During the PR #374 follow-up work:

- We added targeted mutation-oriented tests in:
  - `src/cli/commands/execute.test.ts`
  - `src/features/execute/workflow-runner.test.ts`
  - `src/infrastructure/execution/session-bridge.test.ts`
  - `src/features/cycle-management/cooldown-session.test.ts`
  - `src/features/cycle-management/cooldown-session-prepare.test.ts`
- We found and fixed one real production bug in `src/cli/commands/execute.ts`:
  - `execute cycle ... --prepare --agent/--kataka` was reading `opts()` instead of `optsWithGlobals()`, which dropped agent attribution on the cycle subcommand path.
- Focused verification is good:
  - `vitest run src/cli/commands/execute.test.ts src/features/execute/workflow-runner.test.ts src/infrastructure/execution/session-bridge.test.ts src/features/cycle-management/cooldown-session.test.ts src/features/cycle-management/cooldown-session-prepare.test.ts`
  - Result: `5` files passed, `325` tests passed.

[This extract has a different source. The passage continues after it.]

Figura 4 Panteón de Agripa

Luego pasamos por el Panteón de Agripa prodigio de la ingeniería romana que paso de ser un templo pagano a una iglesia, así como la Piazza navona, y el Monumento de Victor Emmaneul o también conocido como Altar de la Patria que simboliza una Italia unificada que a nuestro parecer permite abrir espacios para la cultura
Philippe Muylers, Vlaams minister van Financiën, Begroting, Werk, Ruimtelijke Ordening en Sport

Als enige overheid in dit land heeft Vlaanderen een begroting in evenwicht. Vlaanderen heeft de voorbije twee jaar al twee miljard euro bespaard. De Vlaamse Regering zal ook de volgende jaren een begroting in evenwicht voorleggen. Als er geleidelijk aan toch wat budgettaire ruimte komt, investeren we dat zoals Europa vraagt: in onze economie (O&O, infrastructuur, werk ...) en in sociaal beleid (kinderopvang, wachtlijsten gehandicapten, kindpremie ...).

But the mutation-testing signal is still poor where it matters most:

- Focused Stryker run for `src/cli/commands/execute.ts` on the PR-374-based worktree:
  - `872` mutants
  - mutation score `43.39`
  - `305` killed
  - `208` survived
  - `190` no coverage
  - `169` errors
- The dominant survivors are not all "missing important tests":
  - many are command descriptions, option help text, banner strings, and other presentation-only literals
  - some are real uncovered branches in delegated CLI paths (`status`, `stats`, `--hint`, invalid agent handling, local `--json`)
  - some come from monolithic orchestration files where pure logic and side effects are mixed together

## Problem statement

The current mutation target shape makes it too easy to burn time on low-value survivors while still missing real risk:

1. `execute.ts` mixes command registration, CLI output, parsing, fallback logic, and business helpers in one file.
2. `session-bridge.ts` mixes prompt rendering, file IO, status aggregation, fallback resolution, and lifecycle updates.
3. `cooldown-session.ts` mixes orchestration, heuristics, persistence, cleanup, and enrichment logic in one class.
4. The mutation denominator is inflated by presentation-only code that should not carry the same weight as core execution logic.

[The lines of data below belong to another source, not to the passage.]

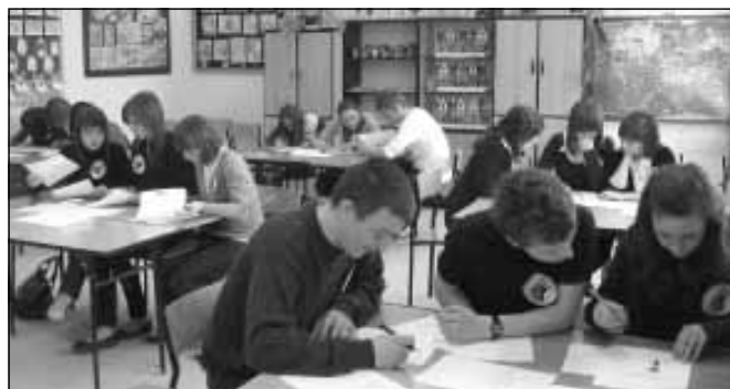
Przysłowiowa burza mózgów.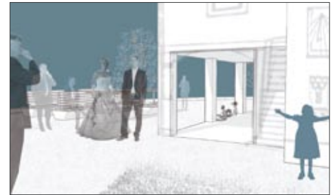
Hochzeits-Apéro auf dem Vorplatz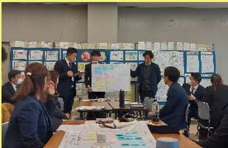
各班の協議内容の発表

If we keep treating this as a raw "% killed" chase, we'll spend time snapshot-testing help text instead of improving the actual quality bar.

## Goals

- Raise mutation-testing signal for the real execution paths in:
  - `src/cli/commands/execute.ts`
  - `src/features/execute/workflow-runner.ts`
  - `src/infrastructure/execution/session-bridge.ts`
  - `src/features/cycle-management/cooldown-session.ts`
- Separate pure logic from CLI/wiring so mutation testing can target code that is worth mutating.
- Define a clear mutation-testing scope and gating strategy for kata.
- Kill the remaining meaningful survivors without padding the suite with low-signal assertions.

## Non-goals

- Chasing repo-wide mutation score by asserting every description string or help-text literal.
- Broadly disabling whole mutation classes like `ConditionalExpression` or `LogicalOperator`.
- Reworking unrelated config/test harness pieces unless we find a real defect.

## Current high-signal findings

### `src/cli/commands/execute.ts`

Likely still the highest-value follow-up target.

What remains meaningful:

- delegated `status` / `stats` behavior
- invalid `--agent` / `--kataka` handling
- `--hint` parsing failures and edge cases
- local-vs-global `--json` behavior on nested subcommands
- some `--next` fallback paths

What looks low-value:

- `.description(...)` strings
- `.option(..., "help text")` strings
- CLI formatting-only lines and banners

### `src/features/execute/workflow-runner.ts`

This is in much better shape after the recent test additions.

Remaining likely work:

- artifact listing fallbacks / malformed metadata paths
- any remaining sort-order or serialization edge cases
- review whether the file should expose more helper functions for direct testing

### `src/infrastructure/execution/session-bridge.ts`

Still worth another pass because it mixes multiple responsibilities.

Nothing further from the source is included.